Нахохлившись, я мысленно проигрывала в памяти ситуацию из прошлого – да, наверное, Дрейк прав. Если бы я была администраторшей, то действительно ценила бы таких людей, которые предупреждают о своем неприбытии заранее. И поэтому… чувствовала за собой вину? Я действительно ее чувствовала? Не хотела звонить, не хотела отчитываться о том, что мало того, что я – жирная корова, так теперь еще и калека? Без «вины» действительно не обошлось –
– Таким образом, когда тебе, пытаясь выслужить «любовь» клиента, а так же своего начальника, позвонила личная тренерша, ты тут же ее обвинила в том, что она не имеет права вмешиваться в твою личную жизнь. Теперь все ясно?

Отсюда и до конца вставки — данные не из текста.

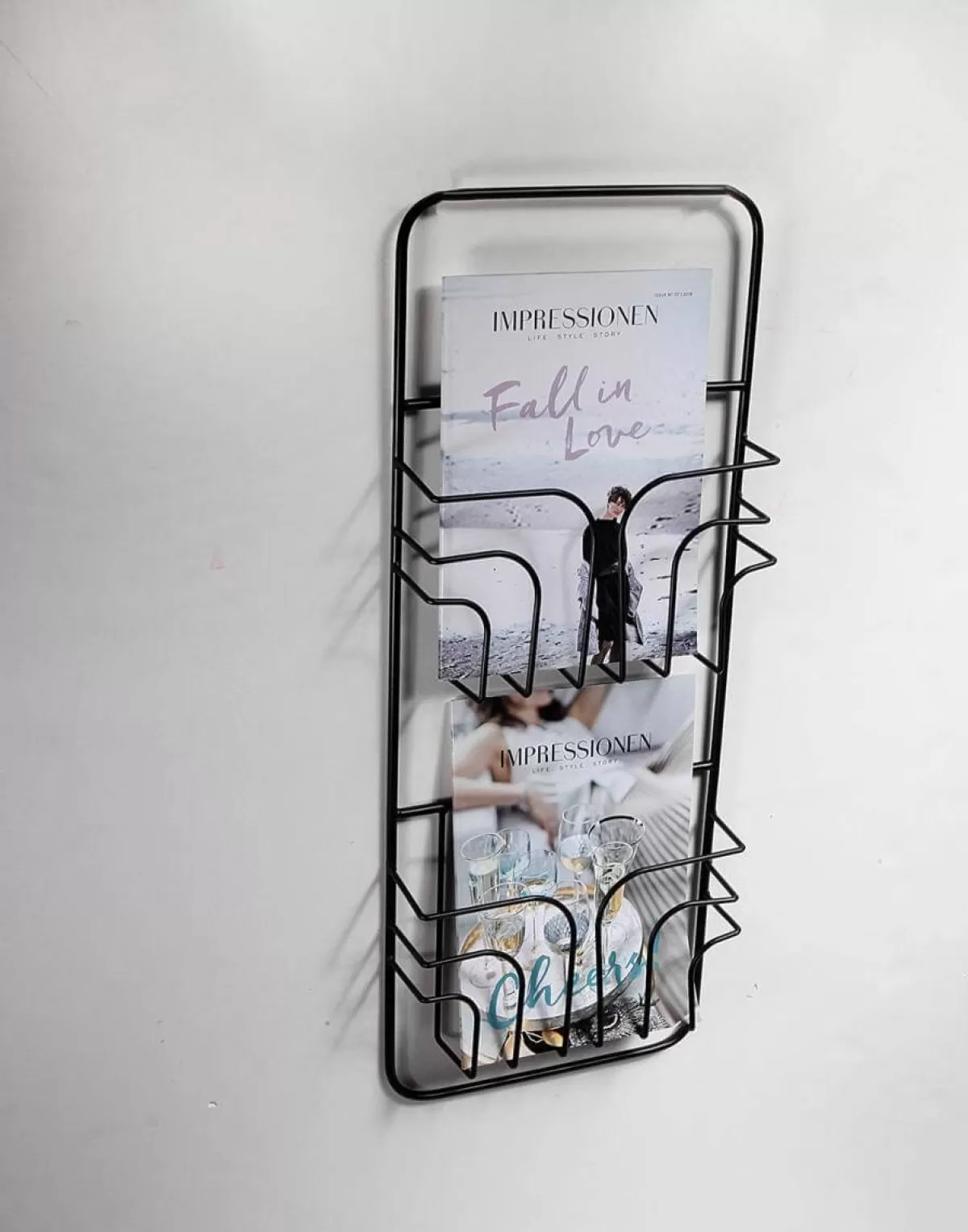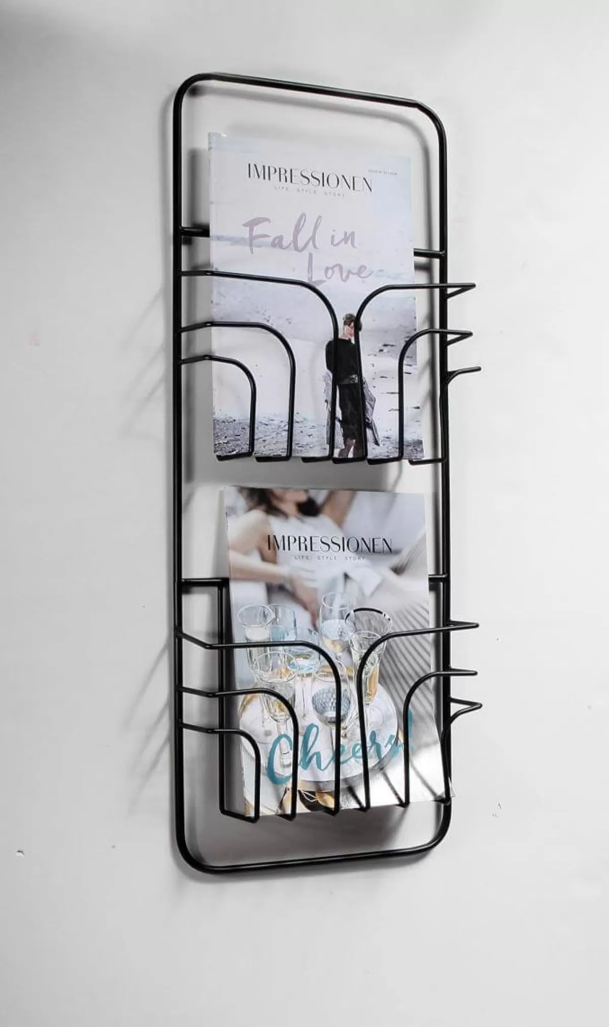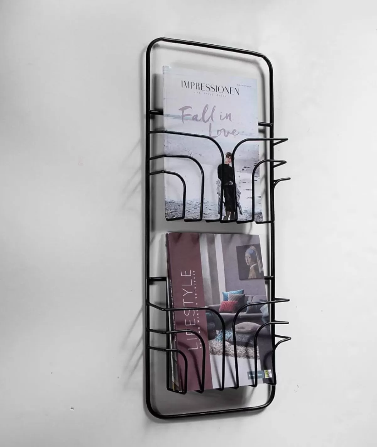 support mural simple avec 2 compartiments, en métal verni noir, avec œillets de suspension pour accrocher, prix/pce

Ясно. Хоть и противно. Противно осознавать, что наличие внутри вот такой вот капельки вины постоянно выливается в конфликтные ситуации, связанные с обвинением.
– Лууле пишет: «Научитесь никогда и никого не обвинять. Ни в чем». Но это сложно! Иногда посмотришь на человека, и хочется фыркнуть от презрения.
– Вот именно. В этом-то и кроется коварство «обвинения» – в том, что оно перетекает в мстительную злобу «я лучше тебя», и, значит, в презрение.
– Но как не презирать, например, ту же кондукторшу из автобуса? Которая всем грубит, плохо накрашена, которая в пятьдесят лет не нашла лучшей работы? Где тут мое собственное чувство вины?
– Где? – Дрейка наш разговор забавлял. Есть котенок – есть миска с молоком, куда его можно ткнуть носом. В миску, как ни странно, раз за разом попадал не чей-то, а мой собственный нос. – Знаешь, почему ты ее презираешь? Потому что не хочешь быть такой, как она. Не хочешь в пятьдесят жирно подводить глаза, грубить людям и с утра до ночи отрывать билеты – ты стыдишься этого. А что есть стыд, Ди?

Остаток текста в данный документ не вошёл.